Date: 2015-12-11 06:32 pm (UTC)
From: [identity profile] poliphilo.livejournal.com
Plague perhaps. Or malaria. But it didn't take much to kill people in the 17th century. You caught a chill, it turned to pneumonia- and that was the end of you.

Date: 2015-12-12 11:59 am (UTC)
ext_12726: (pebbles)
From: [identity profile] heleninwales.livejournal.com
Things like scarlet fever used to kill whole families of children at one time.

Date: 2015-12-12 12:09 pm (UTC)
From: [identity profile] poliphilo.livejournal.com
All the childhood diseases we now take in our stride used to be killers.

Date: 2015-12-11 05:56 pm (UTC)
From: [identity profile] athenais.livejournal.com
Merrial is a lovely name. I've never heard it before.

John and I walk through country graveyards when we are in Wisconsin searching for family graves and see many examples like this of the youngest members of young families dying quite closely to each other. A heartbreaking summer for the Coates.

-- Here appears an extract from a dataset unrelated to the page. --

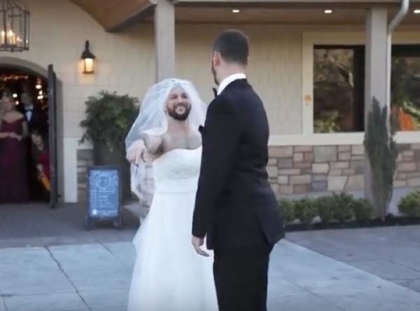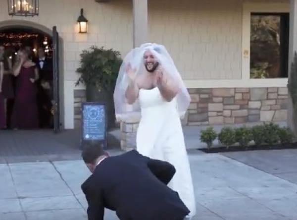親友である花婿のために、文字通り一肌脱いだ男性。サプライズは大成功のようだ。(もちろんこの後本物の花嫁が登場。)
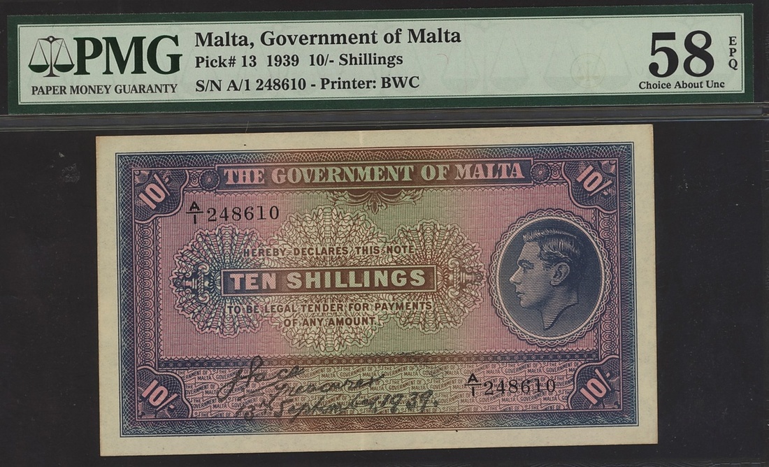 (x) Government of Malta, 10 shillings, 1939, serial number A/1 248610, (Pick 13), in PMG holder 58 EPQ Choice About Unc, only 1 example in a higher grade on PMG Census, quite scarce

Date: 2015-12-11 06:38 pm (UTC)
From: [identity profile] poliphilo.livejournal.com
I suppose Merrial is an earlier form of Meryl.

There's a family plot at Cooling in North Kent which contains the graves of (I think) thirteen children from the one family. Dickens called it to mind when he was writing Great Expectations- only he cut the number of children to five because he didn't believe his readers would believe him if he gave the true number.